Руки у нее были тяжелые и плоские, с синеватыми развилками жил под сухой кожей, с припухшими суставами расплюснутых, без единой мяготинки, пальцев.
Конечно, если с четырнадцати лет доить на ферме коров, не похвастаешься изяществом ручек…
Встреча творческой интеллигенции с колхозниками «Красного партизана» состоялась на следующий день в новом просторном клубе из стекла, пластика и бетонных монолитов, украшенных чеканкой по меди.
На сцене был сооружен длинный стол, покрытый малиновым сукном, и во всю бархатную ширь растянуто переходящее Красное знамя, полученное по итогам весеннего сева.
Федор Николаевич, снова изнывающий в нейлоновой рубахе с галстуком, бренькнул звонком, утихомирил шум в зале и объявил состав бригады, прибывшей на встречу с тружениками «Красного партизана».
Зал вежливо похлопал творческим личностям, усаженным в первом ряду возле лестницы на сцену.
— Посоветовались мы тут, — продолжил председатель, — и такое есть, товарищи колхозники, предложение: пригласить в президиум вместе с дорогими гостями и передовиков нашего производства.
Возражений не последовало. Зал явно был доволен, что за малиновым сукном сцены рядом с заезжими «звездами» сядут и односельчане.
Федор Николаевич зачитал список передовиков.
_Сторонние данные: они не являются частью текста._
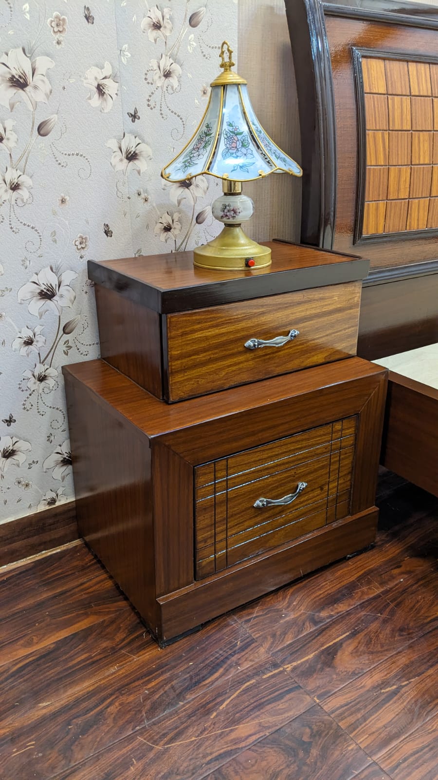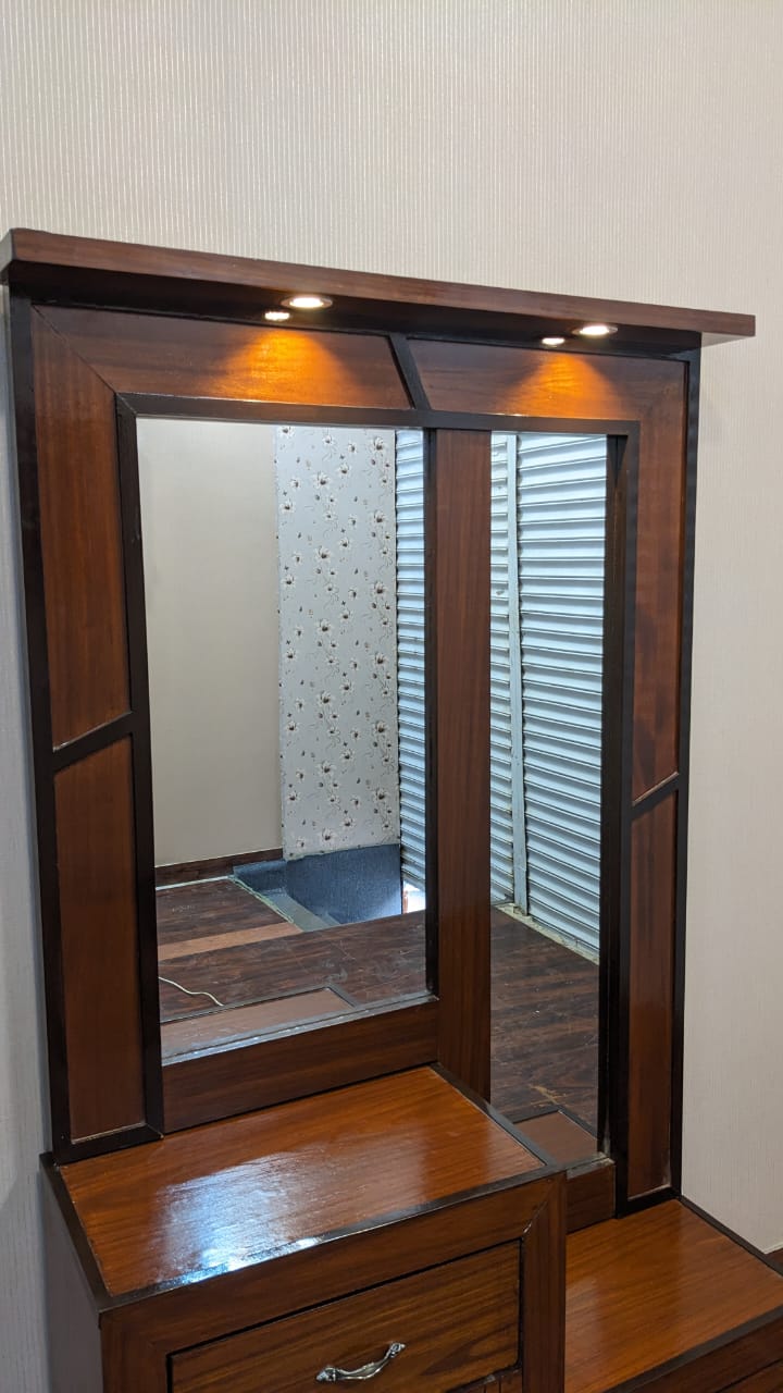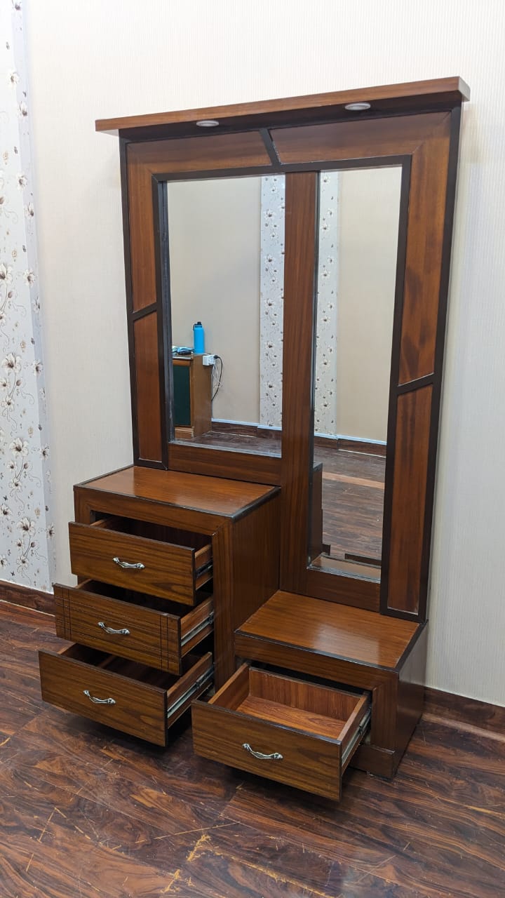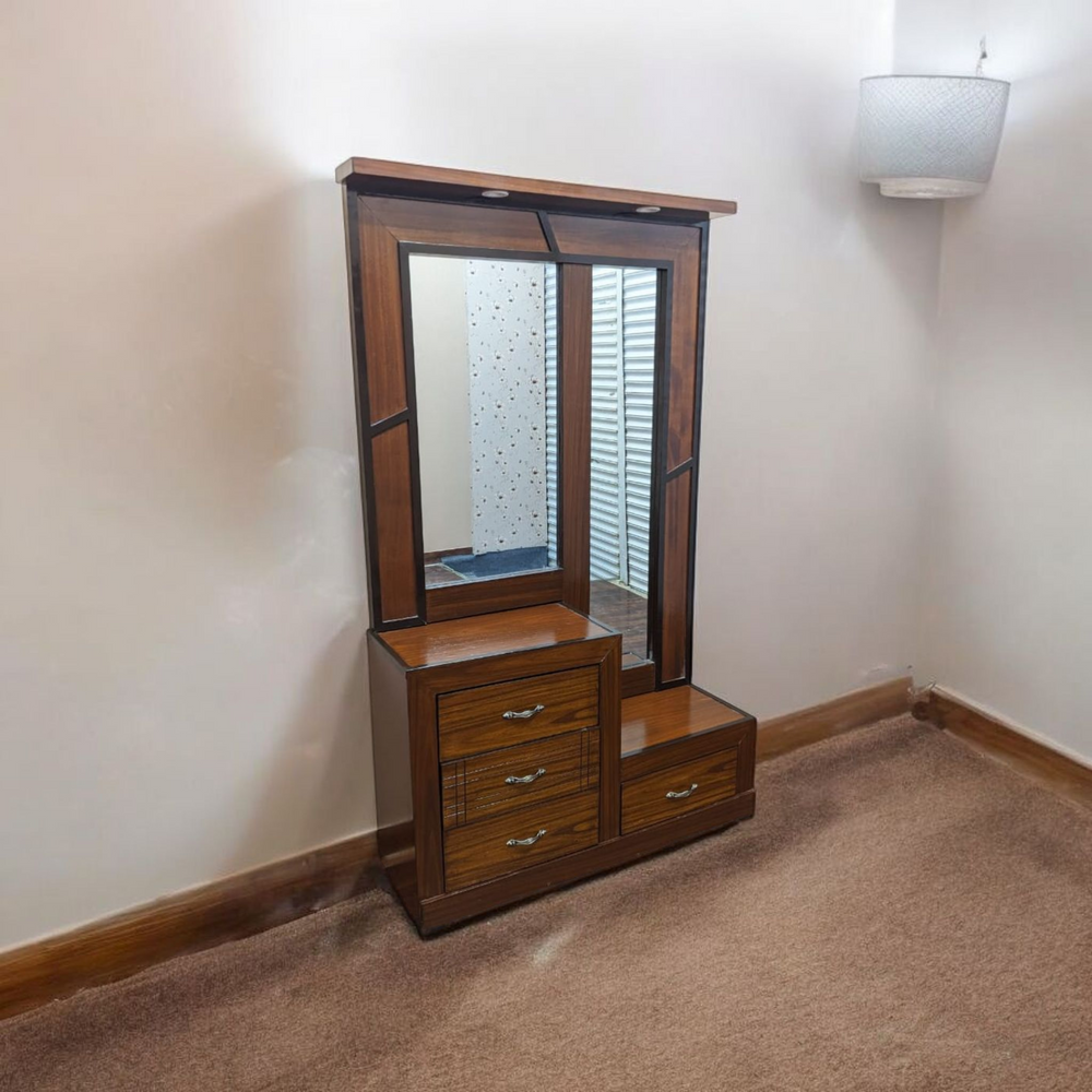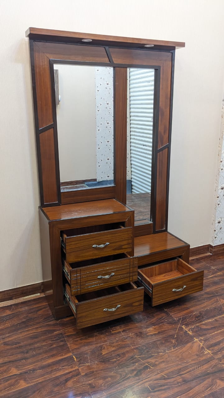 Transform your bedroom with this elegant King Size Bed Set, crafted in rich wood tones with classic panel detailing. The set includes a matching dressing table with mirror and two side tables, each featuring spacious drawers for convenient storage.
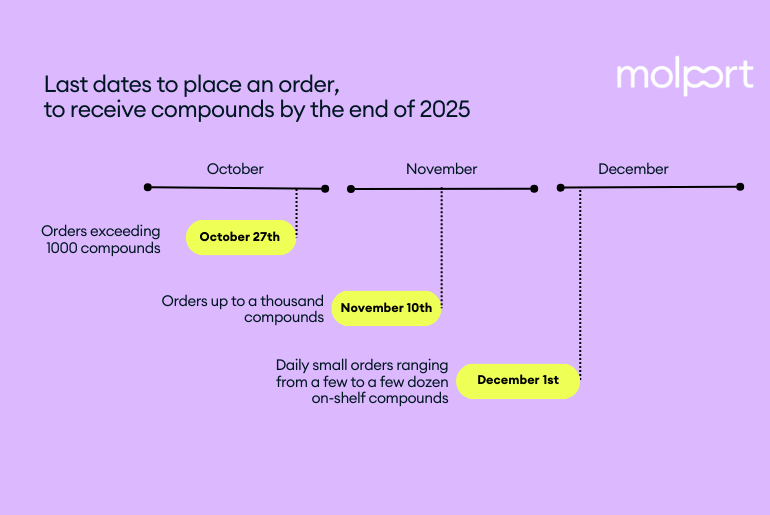 Are you planning to order larger compound sets and have them delivered before the year-end holiday break? Given the increased volume of orders in December, along with busy suppliers and couriers, we highly recommend placing your orders well in advance to ensure timely delivery and avoid any unexpected delays, such as those that may occur in the purchasing department. Please, include enough time build and optimize the list of compounds to be ordered, to negotiate…
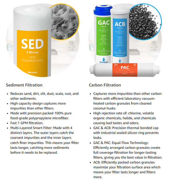 - Reverse Osmosis Filter Replacement Set: Each Express Water replacement filter is specially designed to work together and compliment each other. Get the cleanest water and the best value in your filtration
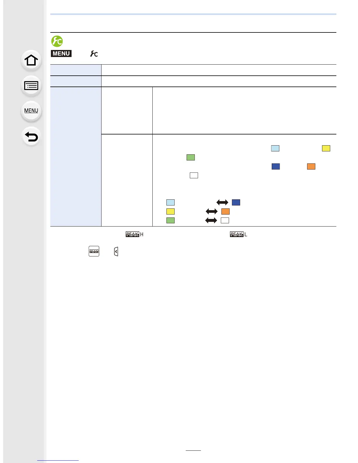 • Each time the set function button is pressed when [Peaking] is set to [Fn Button Set] (P317) in
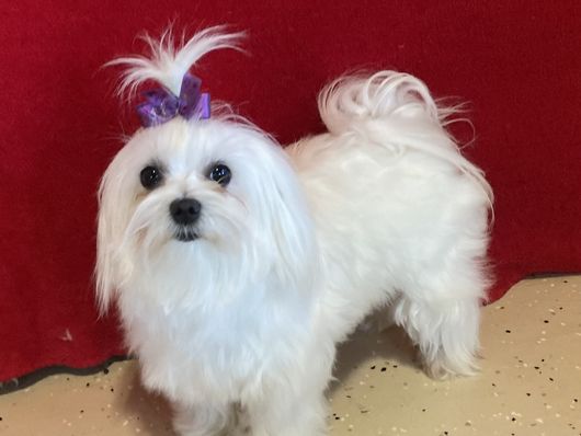 Spice is a female Maltese. Carefully selected as a great representative of her breed, Kathy decided to make her part of their program. Kathy has passed Good Dog’s screening process, which involved a review of their breeding practices, environment, and the mental and physical health of their dogs.
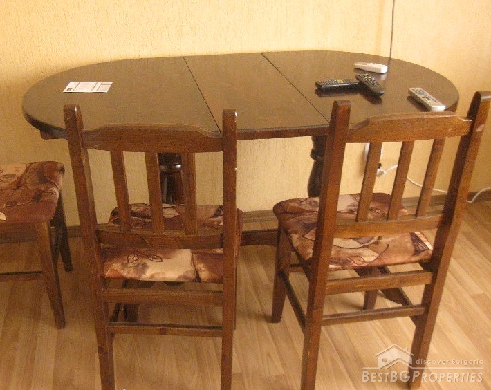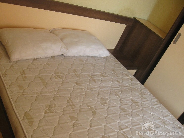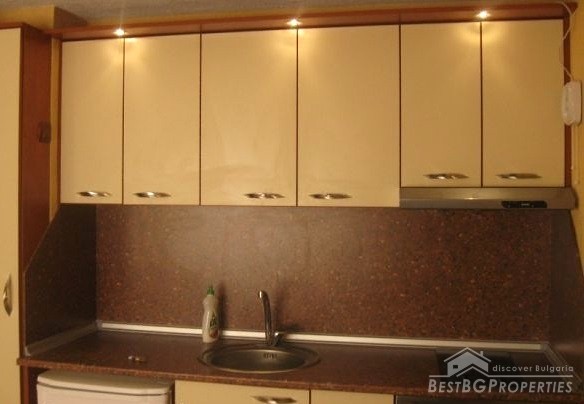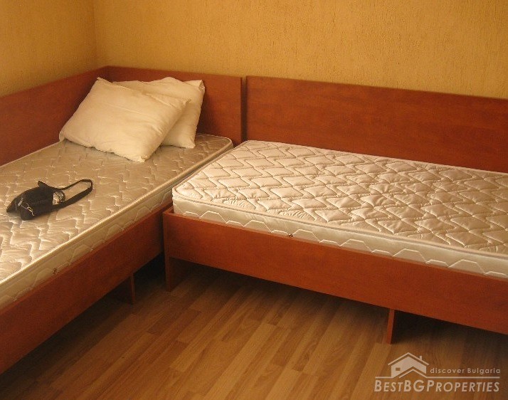 The apartment is a studio type and has total living area of 50 sq m. It is fully furnished and equipped – two corner beds and one bedroom, air conditioner, fridge, cooker, washing machine, etc. It is ready to move in as you can see from the photos.
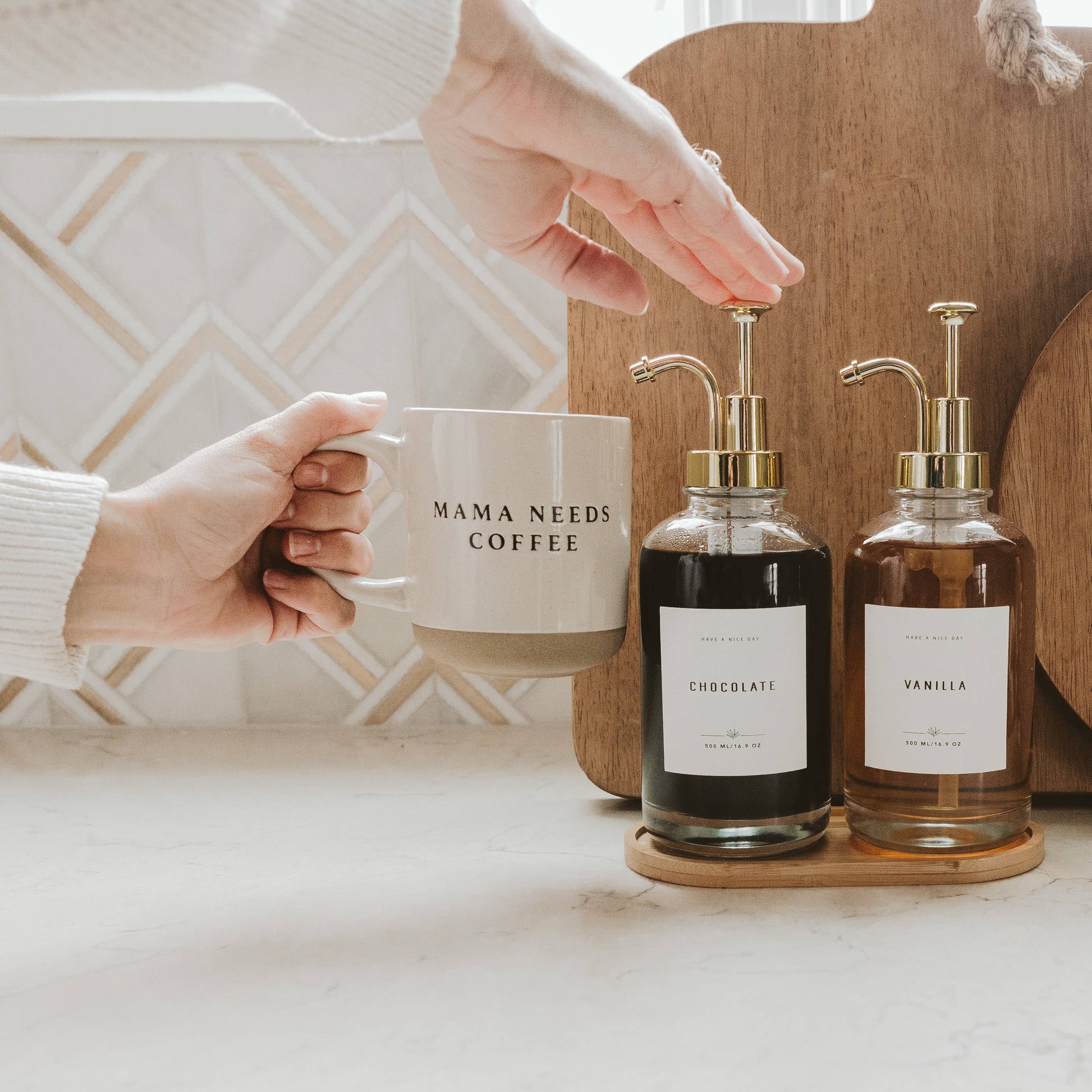 DETAILS: • 14oz Stoneware Style Mug • Size: 3.31 x 3.93" (5.19" w/handle) • Original Design: Mama Needs Coffee • Design on Both Sides of Mug • Cream With Black Lettering • Speckled Design with Natural Bottom Details • Each piece is hand-crafted, making the character of each mug perfectly unique. There may be slight variations.

В нем была и моя хозяйка — Александра Белевич, выполнившая, как я узнал, на сто тридцать два процента план надоя молока на фуражную корову.
— Опять председатель фрицевку на трибуну тянет, — резанул мой слух шепоток в соседнем ряду.
Я оглянулся и увидел морщинистую старуху в темной косынке, повязанной над безбровыми глазами.
— Полно тебе, Лизавета, — попытались урезонить старуху. — Работает девка безотказно…
Старуха приметила мой взгляд, подобралась, и шепоток ее стал еще явственнее.
— У меня сын в партизанах пострадал, а я теперь должна смотреть, как германово семя на трибуне выставляется…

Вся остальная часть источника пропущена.